>>> Florian Haas <florian.h...@linbit.com> schrieb am 07.07.2011 um 10:09 in
Nachricht <4e1569bd.2010...@linbit.com>:
[...]
> > Then a question: Is it allowed to have a subdirectory per RA, like 
> .../provider/agent/agent* ? I implemented my metadata as a separate XML file, 
> and now I wonder if the framework will get confused if the provider directory 
> contains a non-executable agent.xml file.
> 
> No it will not; all non-executable files in that directory are ignored.
> You can put your metadata into a separate file and then simply "cat"
> that file from the RA's meta-data action, and this is the approach that
> the Red Hat Cluster agents usually take, but within the Linux-HA crowd
> that approach hasn't been used, and I personally am not very fond of it.

Hi!

(This time a plain "reply" seems to address the list)

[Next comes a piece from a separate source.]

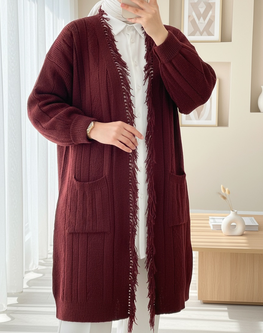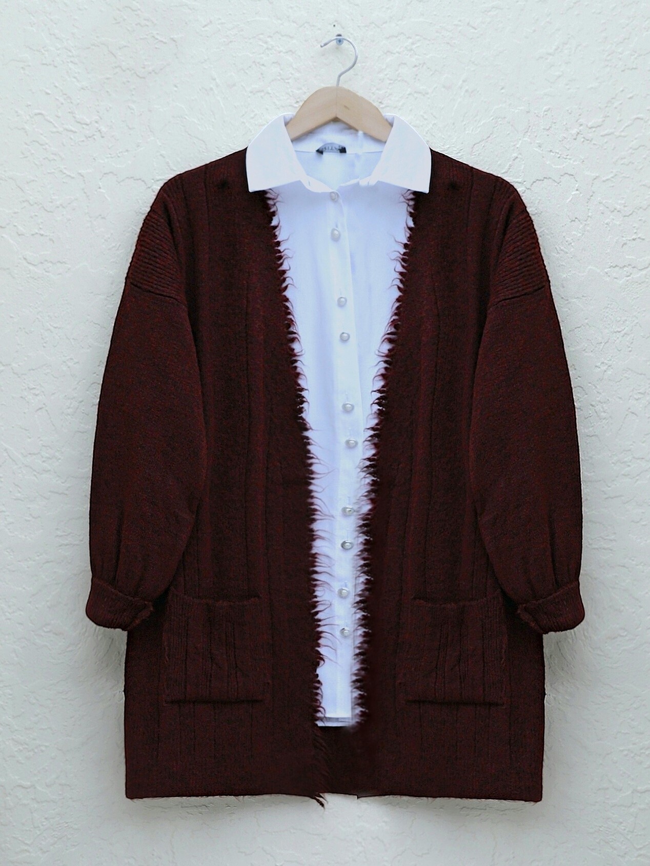 Püskül Detaylı Cepli Triko Hırka -Bordo-Bordo

I decided to use a separate file, because I'm using Emacs, and loading an XML 
file will properly highlight the XML. With the proper mode, you can even do 
nice XML editing. You can easily verify the XML, and the implmentation of 
"meta-data" in my case is very simple:

    meta-data)
        cat "${0}.xml"
        ;;

No extra hassle with quoting of magic shell characters, etc. I agree that 
you'll have to take care that the RA and the XML are in sync, bu tyou also have 
to take care if that's one file.

> Still, it's essentially up to you -- there is no best practice
> forbidding separate metadata files.
> 
> I see no benefit at all, however, in having a separate provider
> directory for each and every resource agent.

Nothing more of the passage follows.